The gradual progress which this dialect made in literature and social intercourse could be tabulated without difficulty by a native scholar. It could be shown to what extent in the fourteenth and fifteenth centuries the various dialects kept their places, wholly or partly, in correspondence, in official documents, in historical works, and in literature generally. The relations between the dialects and a more or less impure Latin, which served as the official language, would also be discussed. The modes of speech and pronunciation in the different cities of Italy are noticed in Landi, Forcianae Quaestiones, fol. 7 a. Of the former he says: ‘Hetrusci vero quanquam caeteris excellant, effugere tamen non possunt, quin et ipsi ridiculi sint, aut saltem quin se mutuo lacerent;’ as regards pronunciation, the Sienese, Lucchese, and Florentines are specially praised; but of the Florentines it is said: ‘Plus (jucunditatis) haberet si voces non ingurgitaret aut non ita palato lingua jungeretur.’

862

It is so felt to be by Dante, De Vulgari Eloquio.

863

Tuscan, it is true, was read and written long before this in Piedmont—but very little reading and writing was done at all.

864

The place, too, of the dialect in the usage of daily life was clearly understood. Gioviano Pontano ventured especially to warn the prince of Naples against the use of it (Jov. Pontan. De Principe). The last Bourbons were notoriously less scrupulous in this respect. For the way in which a Milanese Cardinal, who wished to retain his native dialect in Rome was ridiculed, see Bandello, parte ii. nov. 31.

865

Bald. Castiglione, Il Cortigiano, l. i. fol. 27 sqq. Throughout the dialogue we are able to gather the personal opinion of the writer. The opposition to Petrarch and Boccaccio is very curious (Dante is not once mentioned). We read that Politian, Lorenzo de’ Medici, and others were also Tuscans, and as worthy of imitation as they, ‘e forse di non minor dottrina e guidizio.’

866

There was a limit, however, to this. The satirists introduce bits of Spanish, and Folengo (under the pseudonym Limerno Pitocco, in his Orlandino) of French, but only by way of ridicule. It is an exceptional fact that a street in Milan, which at the time of the French (1500 to 1512, 1515 to 1522) was called Rue Belle, now bears the name Rugabella.

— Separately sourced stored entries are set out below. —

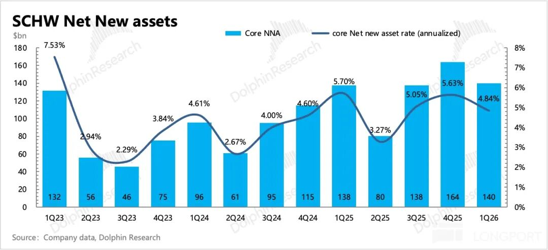 管理层一直维持指引NNA长期增速在5%~7%区间,但对今年的指引预期定在5%,从3月的逆势增长来看,嘉信内生增长力仍然稳定。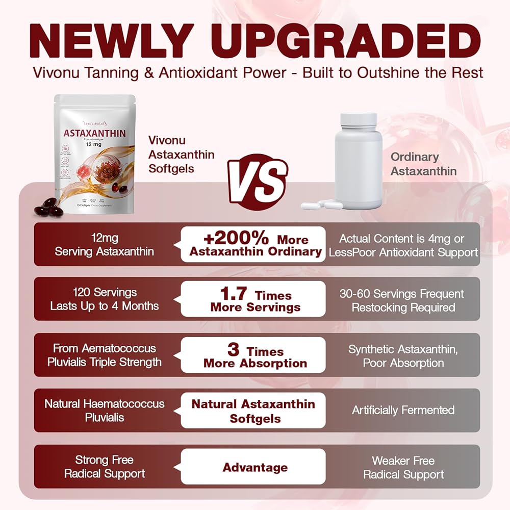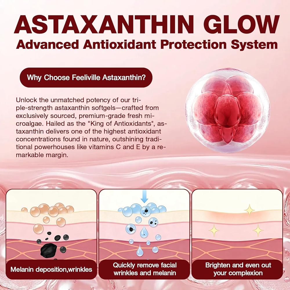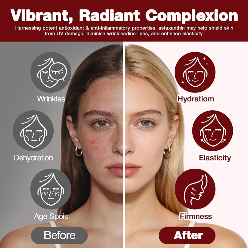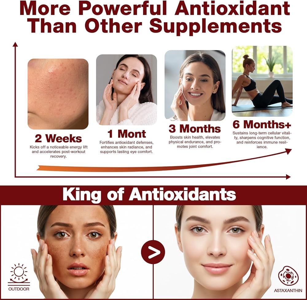 【Supports Overall Wellness】Astaxanthin supplements support eye health, skin health, and joint health. It provides antioxidant support to help promote daily vitality from within
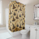 A seamless Halloween pattern shower curtain featuring witch hats, broomsticks, stars, and magical sparks on a rustic parchment background. With its vintage sketch style and sepia-toned aesthetic, this design is perfect for witchy crafts, spooky party décor, digital scrapbooking, or Halloween apparel. Ideal for creating eerie yet charming seasonal projects, this pattern captures the enchanting world of witches and their magical tools.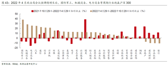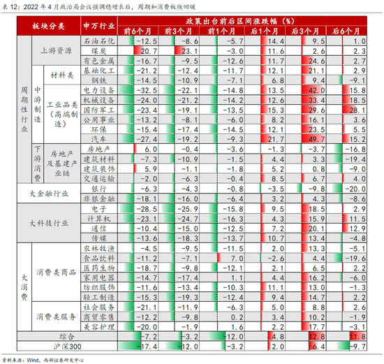 跟着经济复苏由预期转向践诺,周期板块大涨。2022年4月政事局会议强调稳增长后,商场开动有所反应,计谋出台后1个月内,周期板块普涨,跟着稳增长计谋缓缓落地,经济景气度回暖,计谋出台后3个月内,各行业开阔上升,其中周期板块涨幅较大。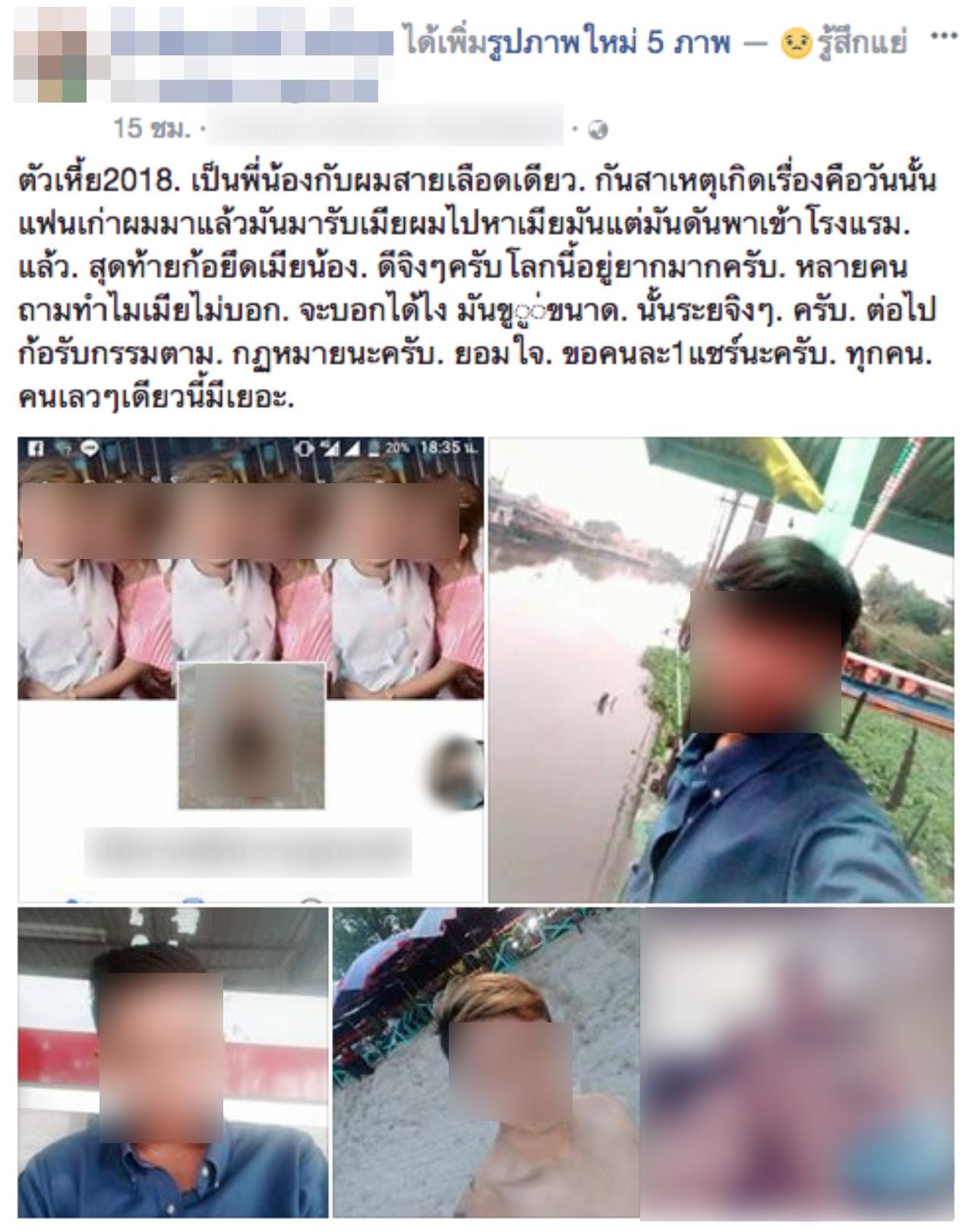 โลกออนไลน์ได้แชร์เรื่องราวจากเฟซบุ๊กของหนุ่มคนหนึ่งที่ได้อัดคลิปร้องไห้สะอึกสะอื้นว่า ถูกพี่ชายแท้ๆ แย่งเมียที่กำลังจะมีลูกด้วยกัน ทำไมทำกันได้ลงคอ ตนยังไม่เคยไปยุ่งกับผู้หญิงของพี่ชายเลย ยังมีอะไรที่แย่กว่านี้อีกไหม ไม่มีอะไรจะเสียแล้ว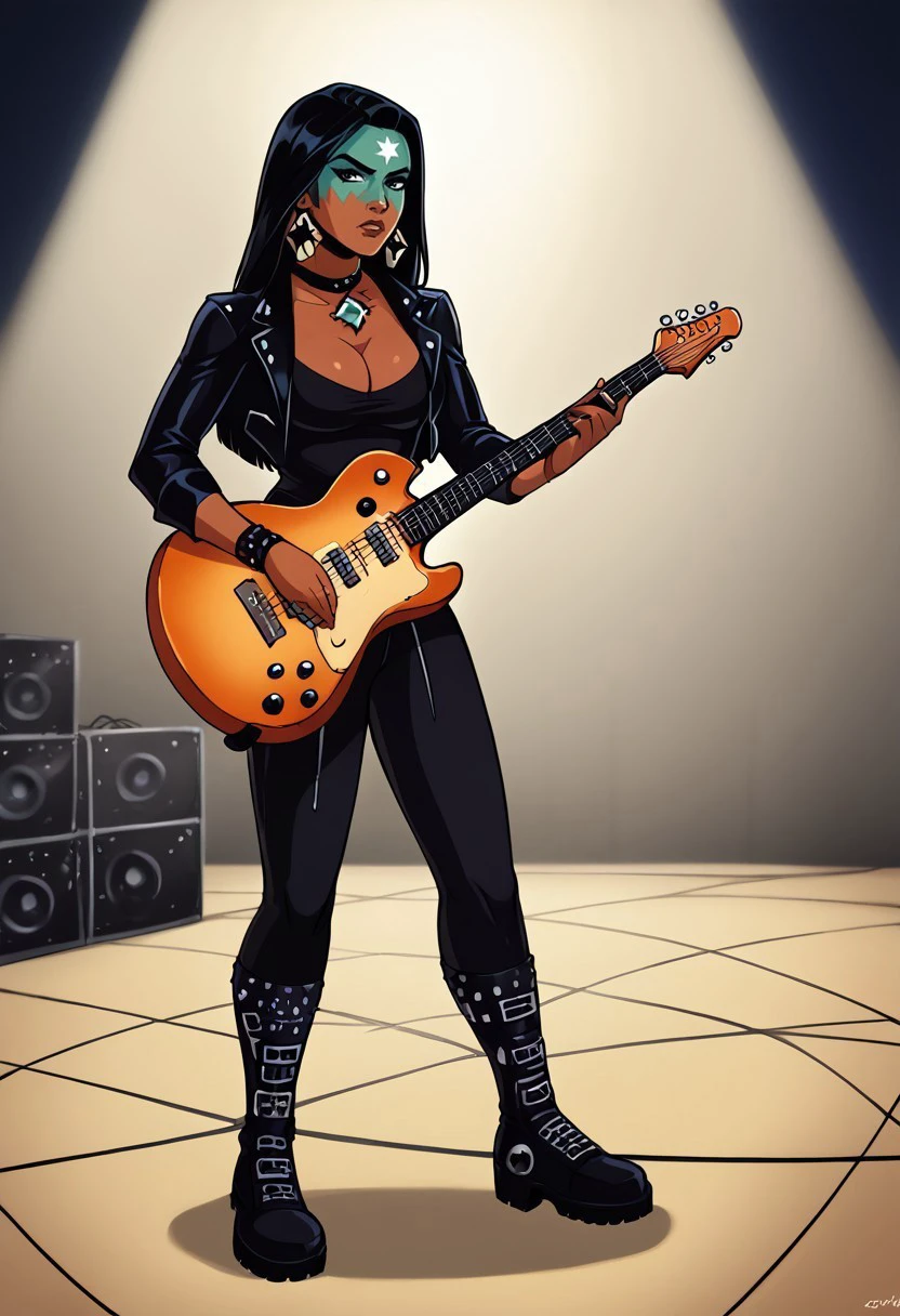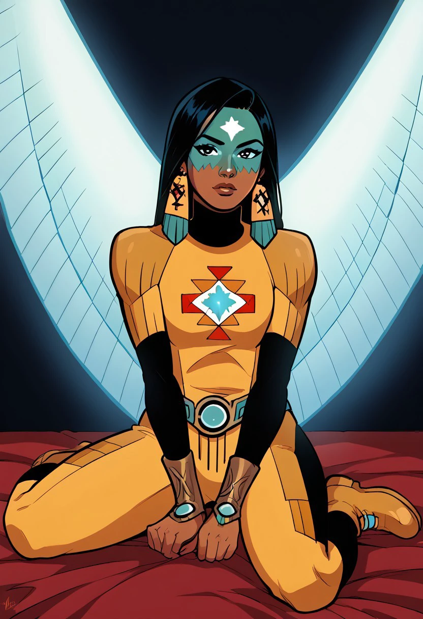 General Prompts: DSf, dark skin, black hair, long hair, black eyes, facepaint, star facial mark, earrings, jewelry, turtleneck, multicolor bodysuit, yellow bodysuit, black bodysuit, bracer, belt, boots, glowing blue wings,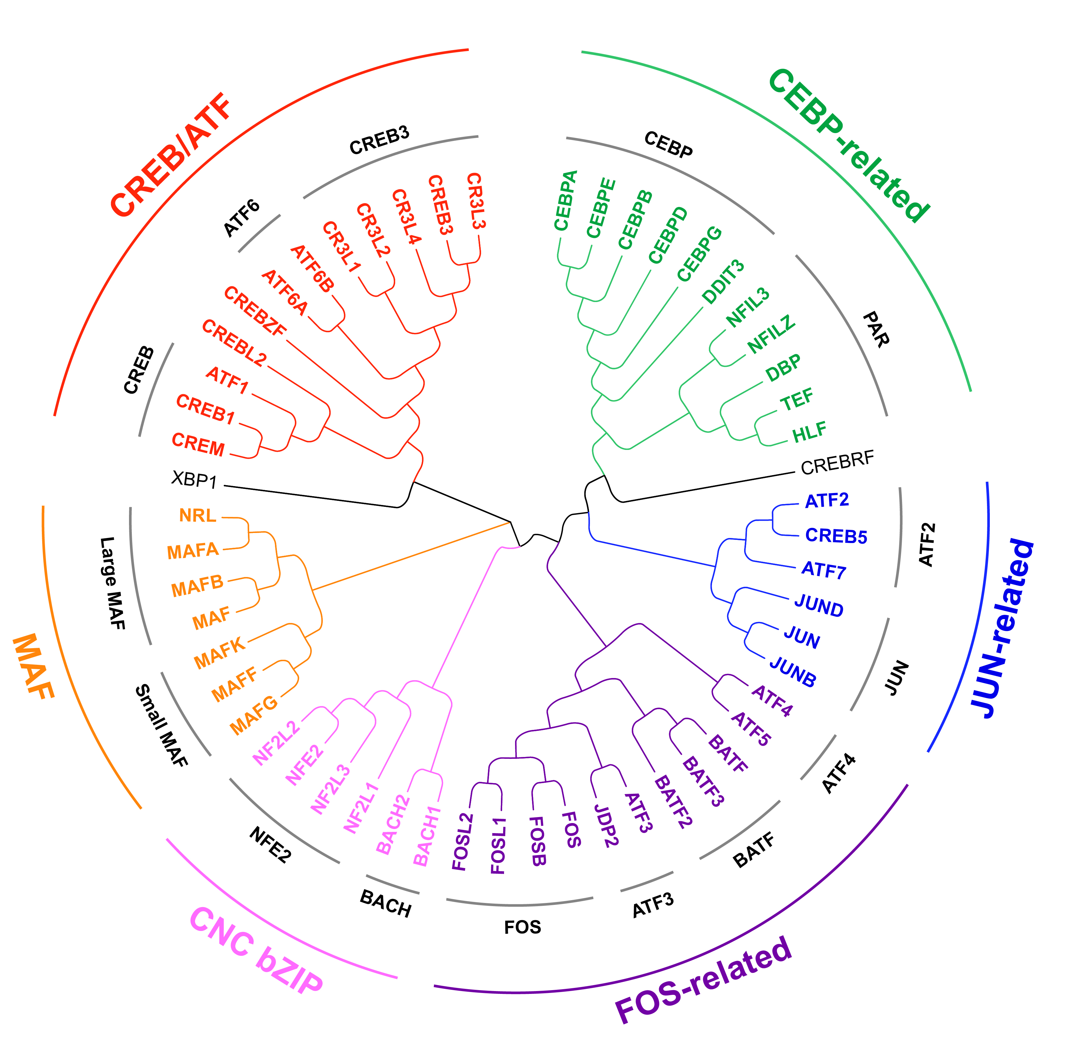 图1 人类基因组bZIP转录因子家族进化树, 由MEGA软件生成. 红色字为CREB/ATF家族. 绿色字为CEBP相关家族. 蓝色字为JUN相关家族. 紫色字为FOS相关家族. 淡紫色为CNC bZIP家族. 橙色字为MAF家族. 圆弧上黑色字为亚家族分类. 转录因子黑色字为独立分类.Figure 1 Likelihood tree of bZIP transcription factors in the human genome, built by MEGA. CREB/ATF transcription factors in red. CEBP-related transcription factors in green. JUN-related transcription factors in blue. FOS-related transcription factors in purple. CNC bZIP transcription factors in light purple. MAF transcription factors in orange. Subfamilies are classified in black on the arc. XRP1 and CREBRF are classified independently. |

The long Spanish rule has left almost no traces on the language, and but rarely the name of some governor in streets and public buildings. It was not till the eighteenth century that, together with French modes of thought, many French words and phrases found their way into Italian. The purism of our century is still busy in removing them.

867

Firenzuola, Opera, i. in the preface to the discourse on female beauty, and ii. in the Ragionamenti which precede the novels.